### Supplied data
-------

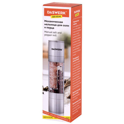 Мельница для специй, 2 в 1, 4 уровня помола, механическая, нержавеющая сталь, DASWERK (ДАСВЕРК), 456627
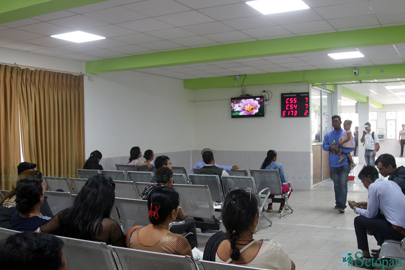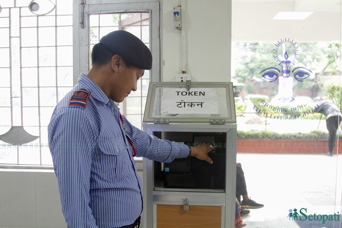 मान्छेहरू काउन्टरमा झुम्मिएर ठेलमठेल गर्दै छैनन्। बरू टोकन लिएर कुर्सीमा बसेका छन्, भित्तामा राखिएको टिभी हेर्दै, आफ्नो पालो कुर्दै।
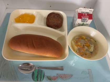 「豆乳スープ」は、じゃがいも、キャベツ、たまねぎ、コーン、にんじん、彩りにパセリを使用し、仕上げに豆乳を加えます。

-------

Hand back the data above exactly, with no images.

### Answer box
 Мельница для специй, 2 в 1, 4 уровня помола, механическая, нержавеющая сталь, DASWERK (ДАСВЕРК), 456627
 मान्छेहरू काउन्टरमा झुम्मिएर ठेलमठेल गर्दै छैनन्। बरू टोकन लिएर कुर्सीमा बसेका छन्, भित्तामा राखिएको टिभी हेर्दै, आफ्नो पालो कुर्दै।
 「豆乳スープ」は、じゃがいも、キャベツ、たまねぎ、コーン、にんじん、彩りにパセリを使用し、仕上げに豆乳を加えます。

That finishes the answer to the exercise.